& cplSiteName &
Comments
Threaded  |  Newest First  |  Oldest First        ADD A COMMENT
Duh!
Duh!
1/2/2019 | 4:16:16 PM
So many questions
Well, that was clear as mud.

What exactly is a "third-party network management card" and what is an "invalid frame packet"? [I think I can guess] And how did a broadcast storm in a "secondary channel" (OTN General Communications Channel?) wipe out working paths?

That's the first few that came to mind.  Lots more where they came from.
Phil Harvey
Phil Harvey
1/2/2019 | 4:58:04 PM
Re: So many questions
Hi, Duh!

Yes, CTL isn't going to directly call out the specific vendor product, sku or software provider. We'll find out at some point and report it.

I think the takeaway is that, as my colleague Ray put it, a company that manages networks for a living just had a massive network management problem that it couldn't find, didn't know how to fix, etc. 

That said, please keep the questions coming. We're hoping to have more to report in the next few days.

-ph
Keebler
Keebler
1/2/2019 | 5:07:07 PM
Reminiscent of TARP storms of old
The event reminds me of the TARP storms that plagued SONET networks when TARP was first introduced. TARP messages would replicate at the gateways to rings in both directions, circulate the ring, and get replicated again. Even with time-to-live settings, the amount of traffic quickly overwhelmed the systems and resulted in outages. It was hard to find and nontrivial to fix.

Sounds like those who forget history are doomed to repeat it. Or something along those lines.

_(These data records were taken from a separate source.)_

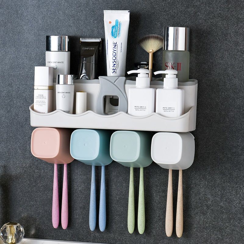 Toothbrush Holder Set Wall Mounted Holder No Hole Washing
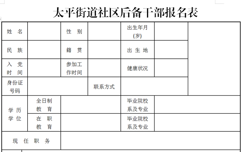 (一)自愿報名。報名時間從6月27日起至7月1日17: 00截止。報名人員需填報《太平街道社區(qū)后備干部報名表》,并于7月1日17:00前將報名表發(fā)送至郵箱334388657@qq.com,超過報名截止時間發(fā)送的視為放棄報名。填報內(nèi)容務(wù)必真實,經(jīng)核實填報內(nèi)容不真實的,將一律取消報名資格。
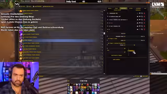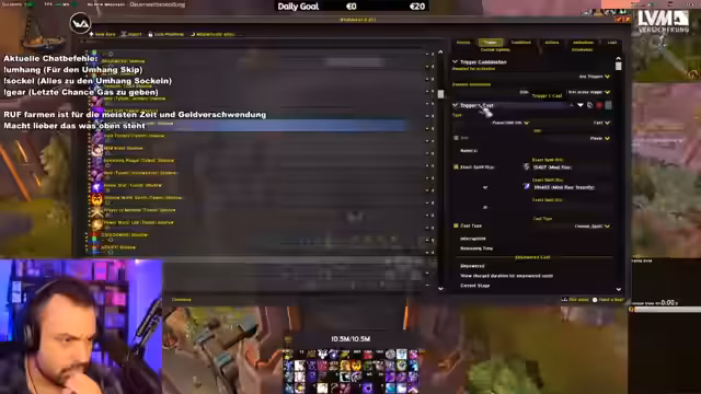 02:02:56Der Streamer passte sein Interface an, um mehr Klarheit zu schaffen. So wurden die Farben für Stack-Anzeigen und Channel-Dauern getrennt, um die visuelle Informationsüberflutung zu reduzieren. Es wurde ein Overcap-Protektor für Devolving Plague eingebaut, um einen Schaden durch zu hohe Insanity-Werte zu verhindern. Der Focus lag darauf, das gesamte System zu testen, insbesondere die Glow-Trigger für wichtige Fähigkeiten während des Rifts.
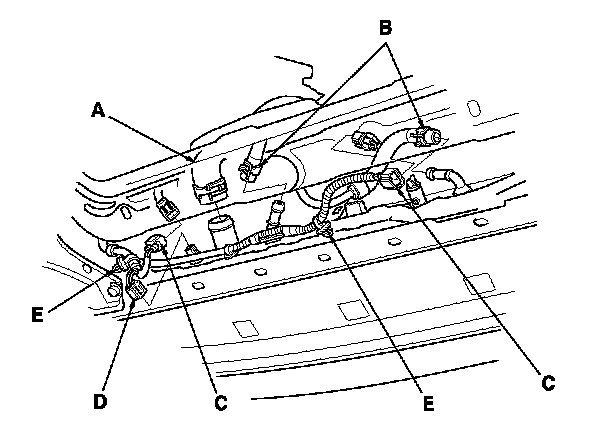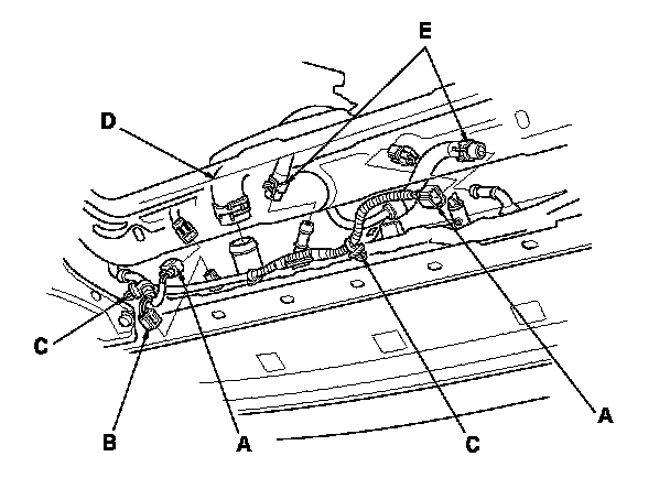 6. Disconnect the fan motor connectors (C) and engine coolant temperature (ECT) sensor 2 connector (D), then remove the harness clamps (E).

Anyone taking bets yet on who the third party equipment vendor was this time?
Phil Harvey
Phil Harvey
1/2/2019 | 5:08:42 PM
Re: Reminiscent of TARP storms of old
Good call back. Was that something on one of the old RBOC networks -- US West or SBC? 
Keebler
Keebler
1/2/2019 | 5:12:46 PM
Re: Reminiscent of TARP storms of old
It was definitely on an RBOC network. Around 1997 I believe. My memory isn't quite good enough to recall exactly which one, but maybe Ameritech? That could be completely off. I usually throw out the Ameritech name just to confuse the youngsters.
Phil Harvey
Phil Harvey
1/2/2019 | 5:17:01 PM
Re: Reminiscent of TARP storms of old
That was even years before Verizon started hiring extra creepy white guys as their star pitchmen. 
brooks7
brooks7
1/2/2019 | 5:37:45 PM
Re: Reminiscent of TARP storms of old
The first thing I thought was...somebody still has x.25 in their oss network.

 

seven
Phil Harvey
Phil Harvey
1/2/2019 | 5:56:05 PM
Re: Reminiscent of TARP storms of old
And that (x.25) is a pre-IP networking way of getting switches to connect to OSS systems/carrier back offices?

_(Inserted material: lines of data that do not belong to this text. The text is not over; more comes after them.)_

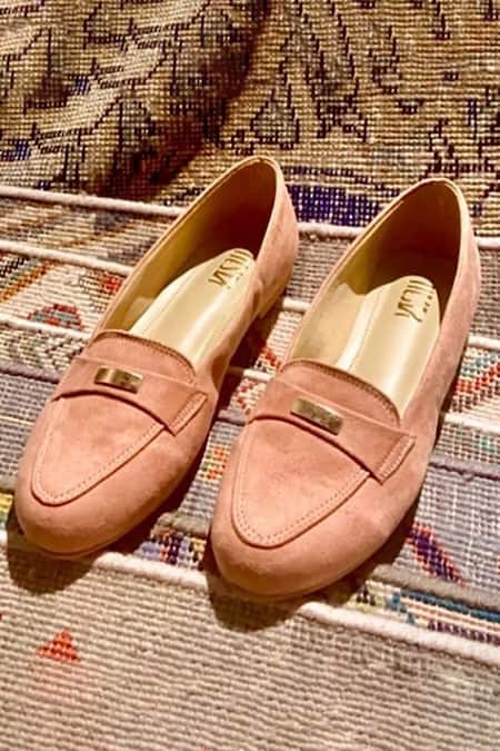 Pink suede flats featuring stitch line detailing and a metal buckle
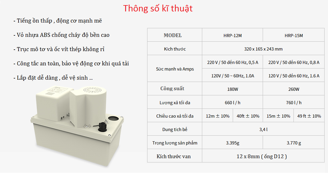 BƠM NƯỚC NGƯNG ĐIỀU HOÀ HRP 12M ( Đẩy cao 12m )
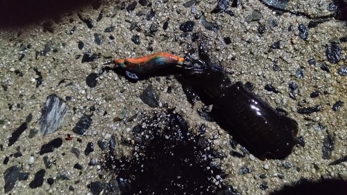 船底の影から飛び出してきた小アオリをサイトで♪
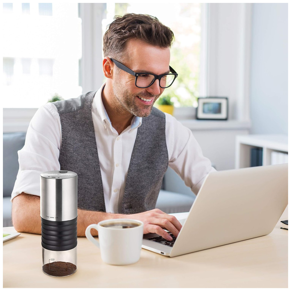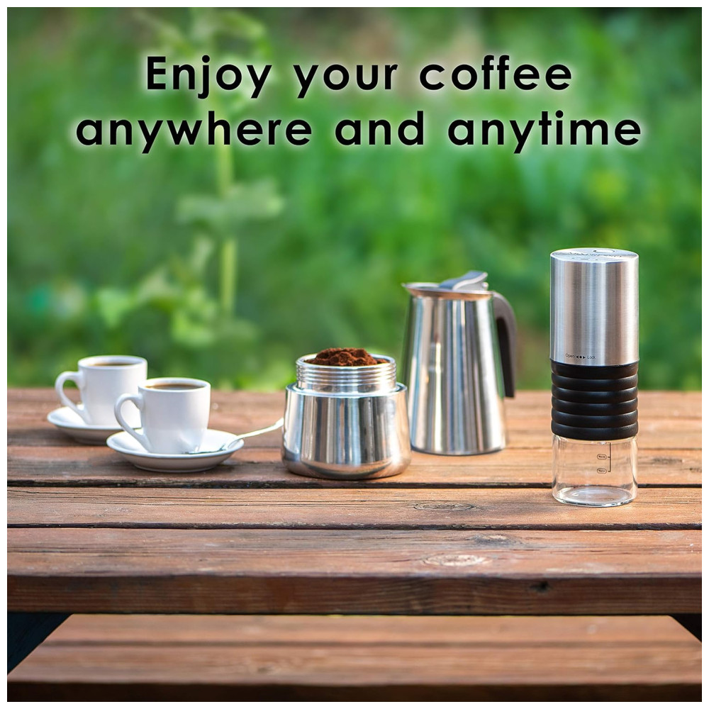 PEQUENO MOINHO DE CAFÉ COMPACTO Nosso moedor de café oferece a opção de conectar um USB e permitirá que você moa seus grãos de café em qualquer lugar e a qualquer hora, no escritório, acampando com amigos, no quintal enquanto viaja e tudo em um mini compacto e tamanho conveniente para zenamento e transporte
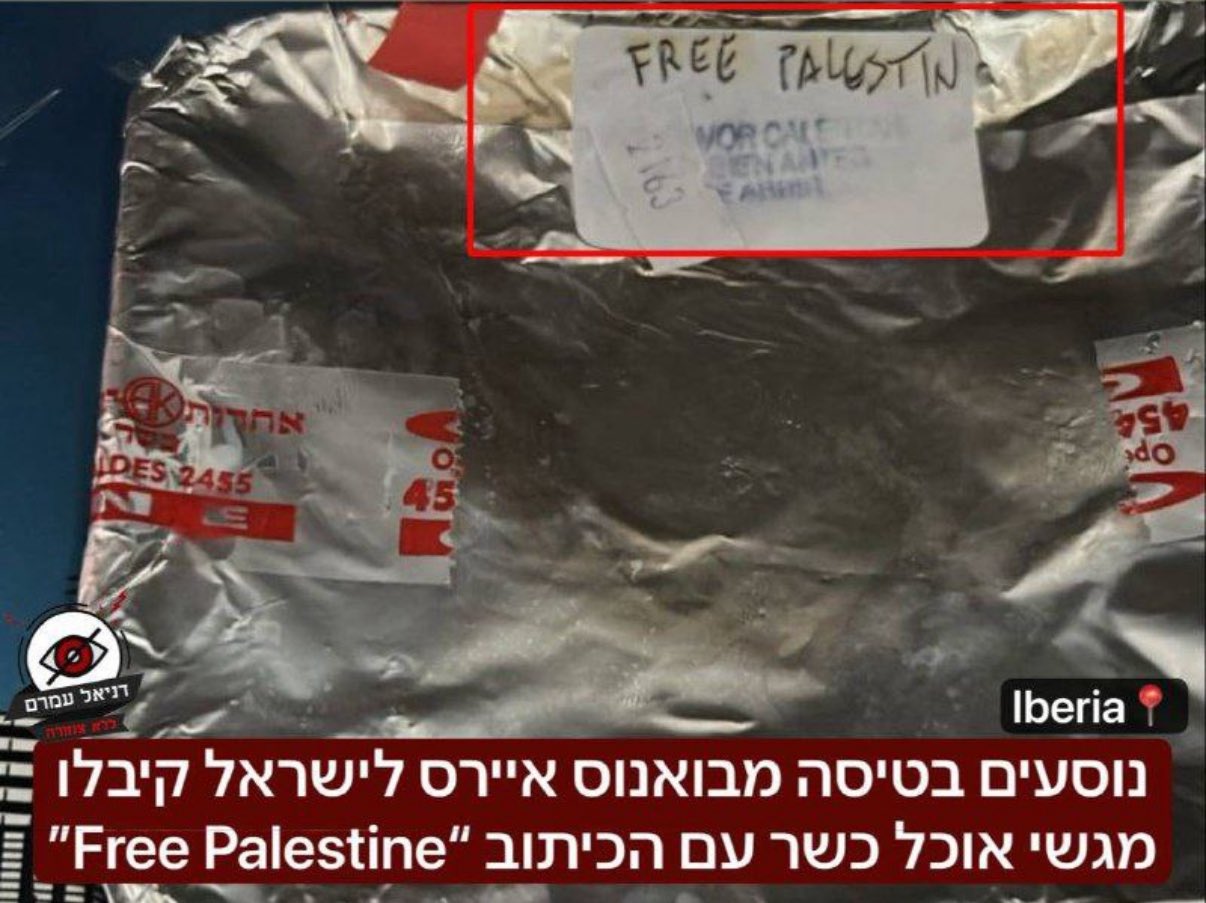 Des plateaux-repas cachers avec l’inscription Free Palestine dans un vol Iberia

If so, then there would be some kind of gateway sitting between the (presumably really old) switch and the IP network? 

 
brooks7
brooks7
1/2/2019 | 7:14:36 PM
Re: Reminiscent of TARP storms of old
That is correct Phil.  I recently looked at a network that had such gear still in place with an x,25 switch maker that went out of business 20 years ago or so.

seven

Edit:  And yes it was used to connect to the systems for OSMINE.
Duh!
Duh!
1/2/2019 | 10:49:57 PM
Re: Reminiscent of TARP storms of old
X.25 is the absolutely last protocol suite I would ever associate with packet storms. Heavyweight flow control was one of it's main architectural principles.
brooks7
brooks7
1/3/2019 | 10:27:04 AM
Re: Reminiscent of TARP storms of old
@Duh!,

 

And that is why a failure would go so badly.....

seven

 
f_goldstein
f_goldstein
1/3/2019 | 2:54:04 PM
Re: Reminiscent of TARP storms of old
The outage impacted optical services, not just packet service, but was caused by packets. That points to a control plane on an optical network that has something more elaborte than simple mangement commands. The packet of death didn't just knock out change-control, it knocked out circuits. What could that be?

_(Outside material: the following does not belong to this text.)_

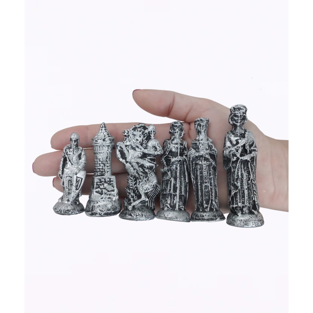 CARACTERÍSTICAS DO PRODUTO: - Jogo completo Coleção Medieval com 32 peças 16 dourado e 16 prateadas. - Acompanha tabuleiro 28x28x01, quadrados de 27mm - Fabricado em resina de alta qualidade e resistência. - Produto semi artesanal, pintado a mão, portanto pode ocorrer variações na tonalidade das cores. - Produto a pronta entrega. DIMENSÕES: REI: 8,0 cm RAINHA: 8,0 cm BISPO: 7,0 cm CAVALO: 7,0 cm TORRE: 6,0 cm PEÃO: 5,0 cm (altura).

I'm guessing that this was a GMPLS failure. That takes all of the brokenness of the IP protocol suite and puts it in charge of the underlying optical layer. It's what comes from folks who don't come from telecom, and who think the whole world will forever be IP and that IP is somehow infallible heavenly writ. The higher layer routing protocol's job is to route around physical failures. Put the physical layer under its control and of course hilarity ensues.

Surely somebody here is willing to name CTL's major optical vendor.
Phil Harvey
Phil Harvey
1/3/2019 | 5:38:52 PM
Re: Reminiscent of TARP storms of old
So you think it was GMPLS signaling between optical transport devices?
Phil Harvey
Phil Harvey
1/3/2019 | 5:40:04 PM
Re: Reminiscent of TARP storms of old
And, if so, do you interpret CTL's statement of "third-party network management card" as someone who built a protocol stack for the systems vendor? 
f_goldstein
f_goldstein
1/3/2019 | 5:59:09 PM
Re: Reminiscent of TARP storms of old
GMPLS comes to mind, because they were losing optical streams, and that's the usual approach to treating optical streams like BESQR cat videos. I am guessing that "third party" simply means the hardware vendor, not a real third party. There's an interesting alleged "outage report" on comp.dcom.telecom.
Phil Harvey
Phil Harvey
1/3/2019 | 6:02:55 PM
Re: Reminiscent of TARP storms of old
I'll have to ask CTL but it has some of the exact phrases that they sent me in their email replies to my questions. 
Phil Harvey
Phil Harvey
1/3/2019 | 6:48:34 PM
Re: Reminiscent of TARP storms of old
CTL said it "can't confirm its authenticity and don't have any additional information to share."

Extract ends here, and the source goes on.